> [DATA BLOCK]
- Opening Delimiter -

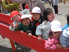 5月14日(金)「元気が出る公園」へ行きました。 風が強く寒い日でしたが、家で工夫して作ってきた ダンボールのそりで、親子で芝すべりを思いきり楽し みました。 |
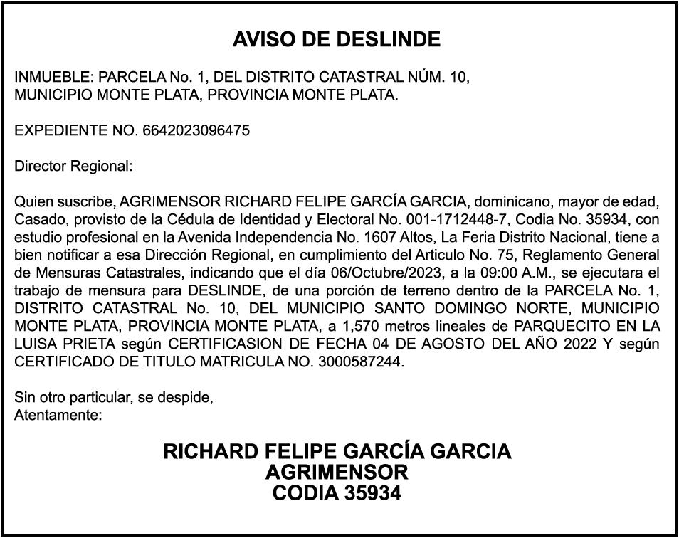 CASTILLO CASTILLO, ced. Nos. 028-000469468 y 402-2393769-5, respectivamente.
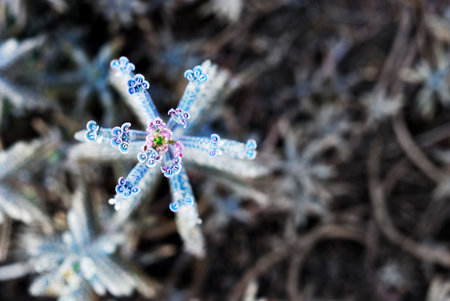 chrysanthemum buds captured in ultraviolet photography with focus stacking technique. the uhd image showcases soft blue hues and fluid lines, creating a romantic scene that's hard to believe. ai generated
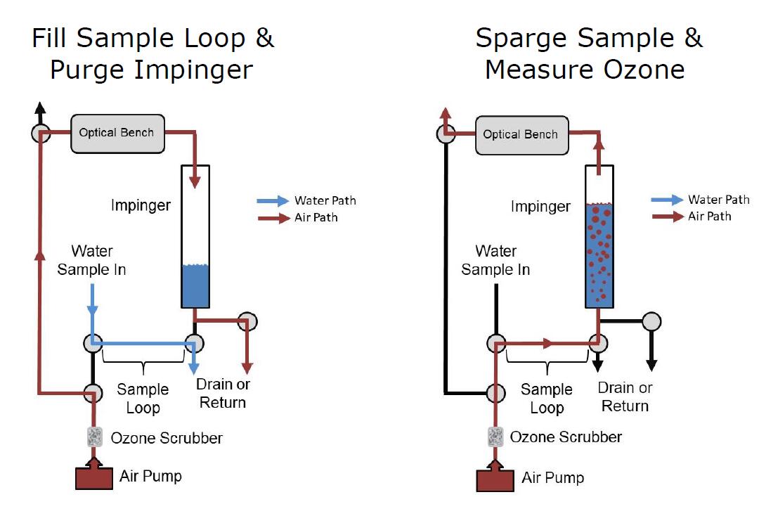 圖 1是水臭氧監測儀的示意圖。四個 2 通閥和一個 1 通閥引導空氣和水流通過設備。測量溶解臭氧的過程包括兩個步驟。在第一步(圖 1 的左圖)中,樣品環中充滿了來自待分析水源的加壓水流,內部空氣泵對撞擊器加壓以清空前一個樣品中的臭氧消耗水.在第二步中,改變閥門狀態,使來自空氣泵/洗滌器的不含臭氧的空氣都將約 2 mL 水樣推入沖擊器并噴射樣品,富含臭氧的空氣通過光具座,其中臭氧被測量。每個步驟大約需要 5 秒,每 10 秒報告一次新的臭氧測量值。

- Closing Delimiter -

> [WHAT YOU NEED TO DO]
In this exercise, set down all of the data exactly, without the pictures.

> [RESPONSE BOX]
 5月14日(金)「元気が出る公園」へ行きました。 風が強く寒い日でしたが、家で工夫して作ってきた ダンボールのそりで、親子で芝すべりを思いきり楽し みました。 |
 CASTILLO CASTILLO, ced. Nos. 028-000469468 y 402-2393769-5, respectivamente.
 chrysanthemum buds captured in ultraviolet photography with focus stacking technique. the uhd image showcases soft blue hues and fluid lines, creating a romantic scene that's hard to believe. ai generated
 圖 1是水臭氧監測儀的示意圖。四個 2 通閥和一個 1 通閥引導空氣和水流通過設備。測量溶解臭氧的過程包括兩個步驟。在第一步(圖 1 的左圖)中,樣品環中充滿了來自待分析水源的加壓水流,內部空氣泵對撞擊器加壓以清空前一個樣品中的臭氧消耗水.在第二步中,改變閥門狀態,使來自空氣泵/洗滌器的不含臭氧的空氣都將約 2 mL 水樣推入沖擊器并噴射樣品,富含臭氧的空氣通過光具座,其中臭氧被測量。每個步驟大約需要 5 秒,每 10 秒報告一次新的臭氧測量值。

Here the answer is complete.